WebmasterWorld Senior Member 10+ Year Member



? What counts for Google PR is the PR of the cat, and number of links on that page. If you are seeing sites in high PR Google cats that have few sites listed, and these sites have high PR, this is exactly as it should be.

jtbell

11:23 am on Oct 7, 2004 (gmt 0)

10+ Year Member



The top-level DMOZ page has a very high PR because lots of other pages link to it. It spreads some of that PR down to the second-level categories that it links to. The second-level cats in turn spread some of their PR down to the third-level cats, and so on. Therefore, DMOZ pages tend to have lower and lower PR, the further you descend into the directory structure.

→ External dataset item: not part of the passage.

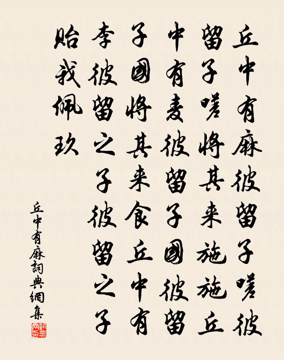 按照多數學者的說法,這是一首情詩,是以一個姑娘的口吻寫出來的。詩中提到的事件,恰恰是姑娘與情郎激情幽會的地點:“丘中有麻”“丘中有麥”“丘中有李”,那一蓬蓬高與肩齊的 * 地,那一片片密密的麥田壠間,那一棵棵綠蔭濃郁的李子樹下,都是姑娘與情郎情愛激發的地方。所以,當姑娘回味這種強烈的情愛行為時,總也忘不了那個神奇的地方。尤其是詩的第一、二章,都有“彼留子”的明確指涉。而第一章的“將其來施施”,第二章的“將其來食”,更明確地寫出,姑娘與情郎的幽會不僅僅是一次,而是多次。他們在 * 地里、小麥壠頭、李子樹下,演出過一次次激情的戲劇,付出了整個身心。他們的情愛是真實的,也是牢固的。他們並沒有追求一次性的瘋狂,而是讓純真的愛掀起一層又一層的熱浪,永久地持續。第三章的最後,寫到“彼留之子,貽我佩玖”,用物質的形式(佩玉),把非物質的關係(情愛)確定下來,以玉的堅貞純潔牢固,表示兩人的愛情的永恆。可以想像,接著下去,姑娘將與情郎共偕連理,成家育子,延續生命。一個新的家庭,將延續那一段熱烈純真的愛情。這就是姑娘在歌唱愛情時寄託的熱望。
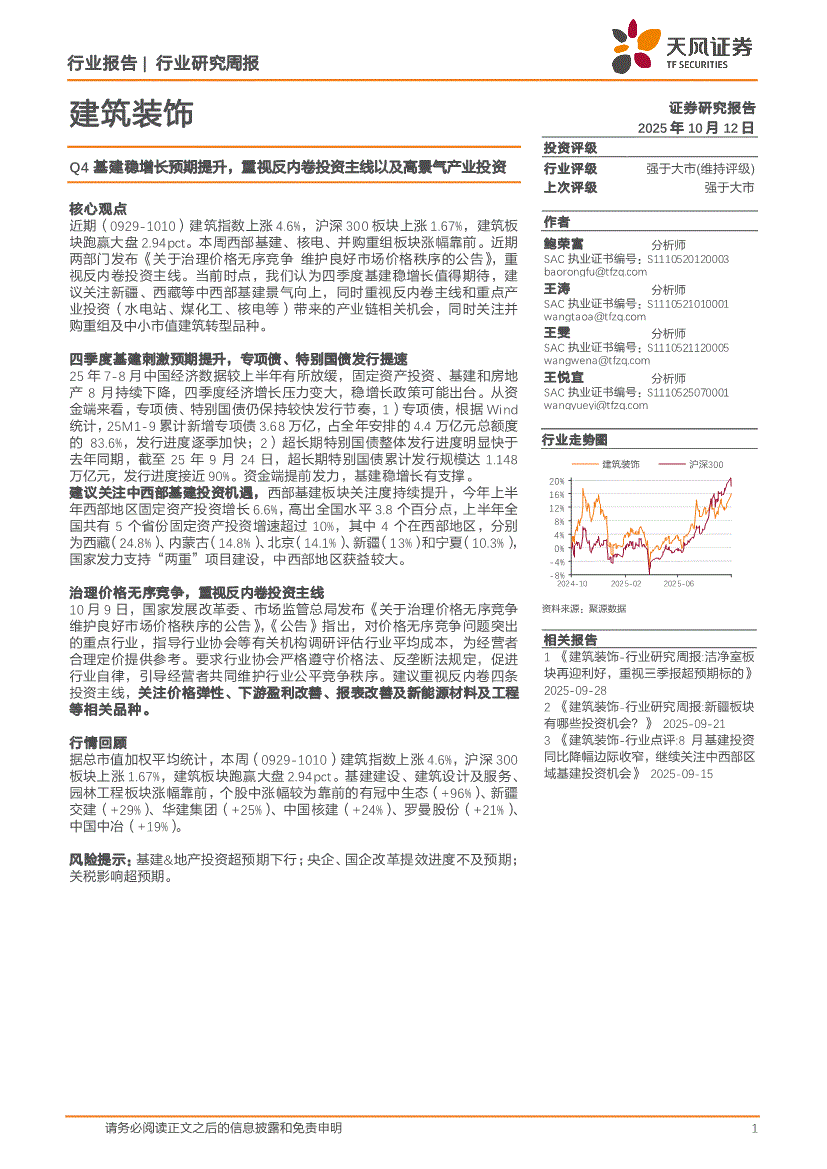 建筑装饰行业:天风证券-建筑装饰行业研究周报:Q4基建稳增长预期提升,重视反内卷投资主线以及高景气产业投资-251012

If a site relies on its DMOZ listing for most of its PR, it in turn will have a lower PR than the category page that it's listed on. How much lower, depends on how many listings (links) are in that cat.

helleborine

5:03 pm on Oct 7, 2004 (gmt 0)

10+ Year Member



True; the effect appears to be disproportionately large, though!

disgust

5:29 pm on Oct 12, 2004 (gmt 0)

10+ Year Member



how deep you are in dmoz (or, in other words, what PR your category is) DOES matter.

not for direct PR transfer, though.

why? thousands and thousands and thousands of sites use dmoz content. most of these sites- even though they link to you- will never have any pages that show up in google.

the higher up your category, the more likely your link will show in "smaller" dmoz clones.